It was used by ancient bushmen more than 70,000 years ago

Nov 30, 2006 15:00 GMT  ·  By

The discovery of the oldest known ritual site in Meridional Africa this summer has changed our knowledge of human history.

Long time, scientists have held the supposition that man's first rituals, indicating advanced culture, were carried out over 40, 000 years ago in Europe, only after going out of Africa.

Associate Professor Sheila Coulson, from the University of Oslo, has revealed that modern humans, Homo sapiens, have performed advanced rituals in Africa for 70,000 years.

She made the surprising discovery while studying the origin of the San people (more known as bushmen) (photo above).

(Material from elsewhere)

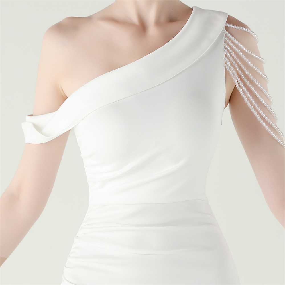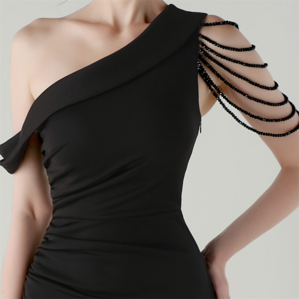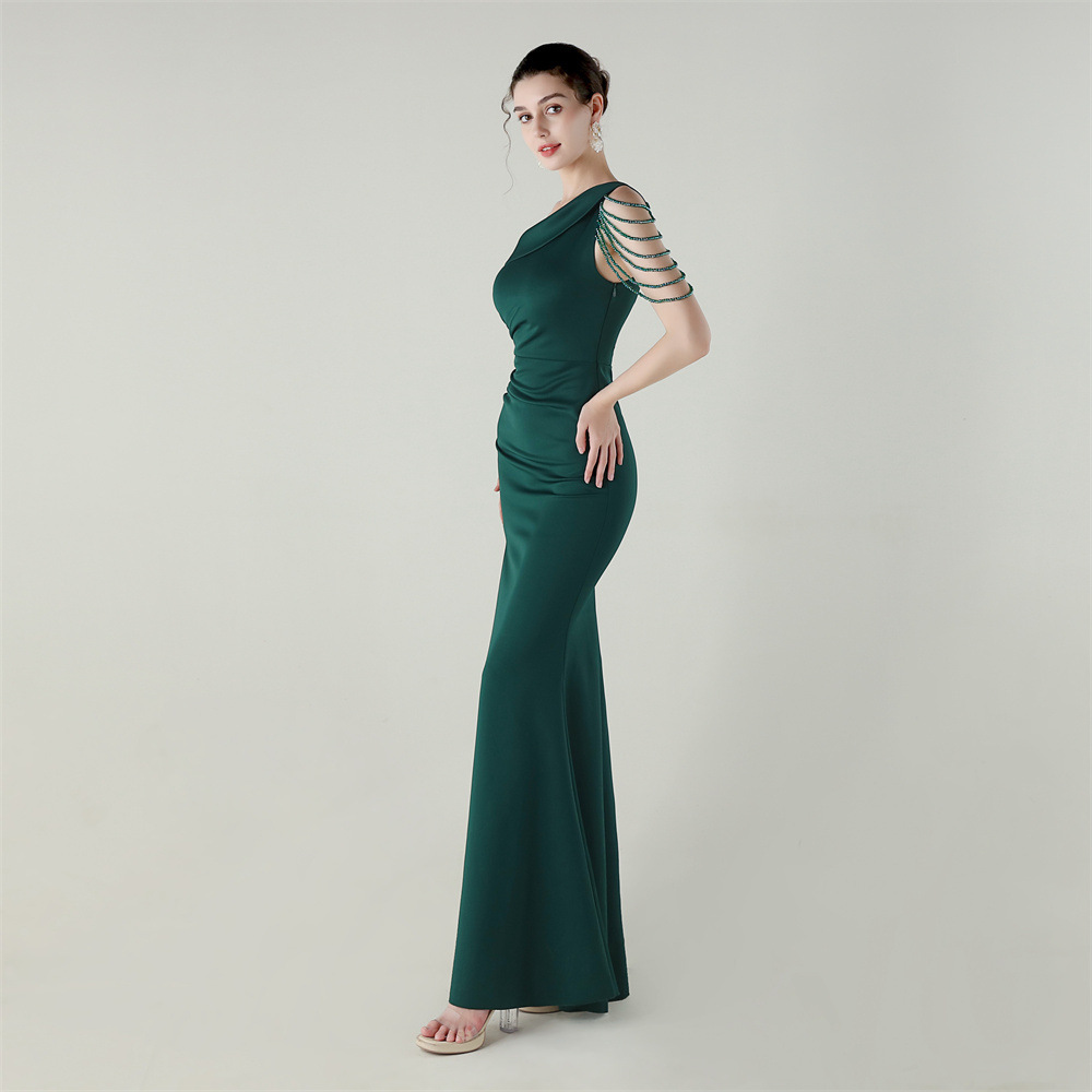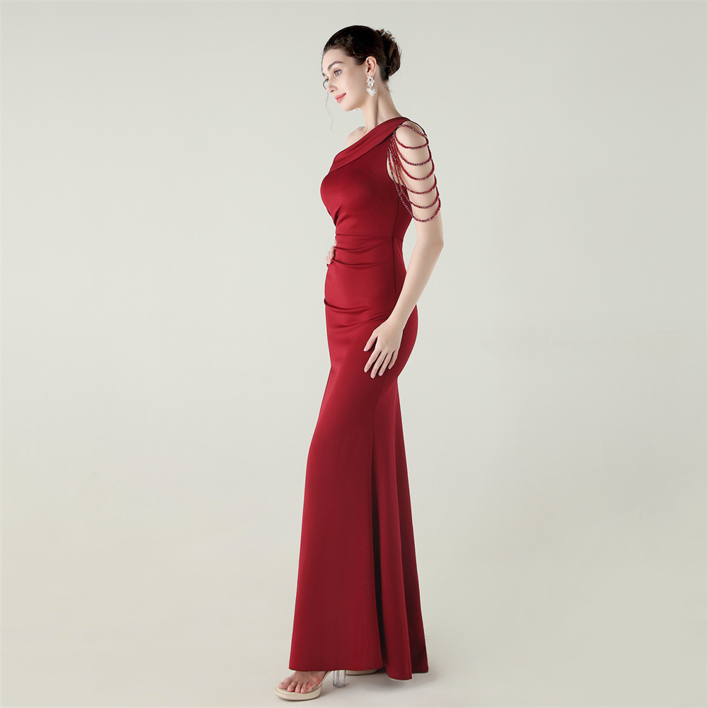 This Women Beaded One-Shoulder Satin Fishtail Pleated Evening Dress Design Made Of Good Quality Polyester And Spandex Material, Which Is Stretchy, Durable And Comfortable. The Long Evening Dresses And Gowns Is Always The main Choice For All Kinds Of Parties, Cocktail, Prom, Events, And Dating Occasions. Evening Gowns At BamBam Comes With Huge Selections - Sequins, Beaded, Satin, Velvet, Lace.... When You Need retail Evening Dresses, BamBam retail Women Garment Online Shop Is Your One-Stop Online Shopping Choice.
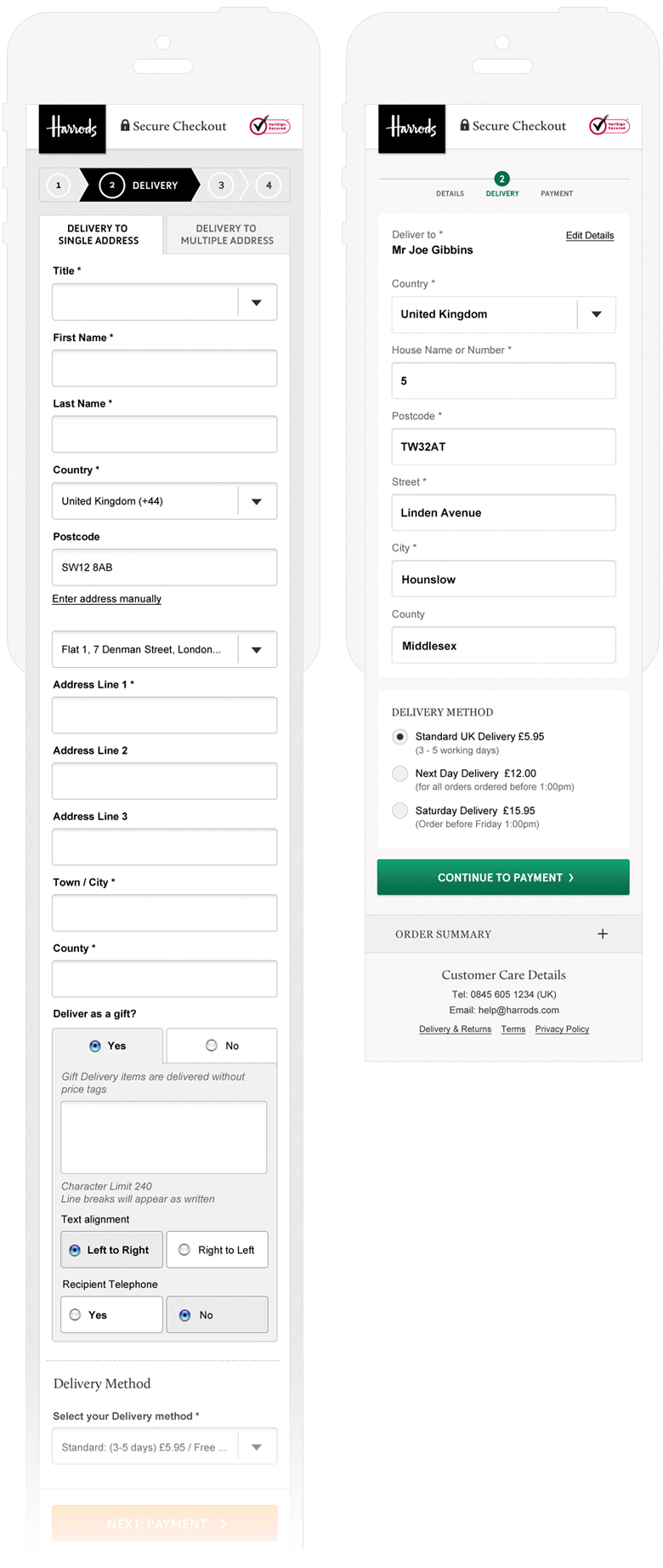 Based on the User type, there are 3 different types of checkout journeys on Harrods.com:

Bushmen's original culture is still at the Paleolithic level, of hunters-gatherers.

They represent the oldest living human race, distinct from Black Africans, and thought to roam the Earth for at least 100,000 years and they were the only people in Meridional Africa till the arrival, one millennium ago, of the Bantu tribes from Central Africa (the most known Bantu tribe in the area is Zulu).

Coulson was searching for artifacts from the Middle Stone Age in the Tsodillo Hills (north-western Botswana), still roamed by bushmen and the only heights present for hundreds of kilometers in any direction in the Kalahari Desert, famous for having the largest concentration of rock paintings in the world.

This is still a sacred place for the San, who named them the "Mountains of the Gods" and the "Rock that Whispers".

According to the San creation myth, mankind descended from the python and the ancient, arid streambeds around the hills are said to have been created by the python as it circled the hills in its ceaseless search for water.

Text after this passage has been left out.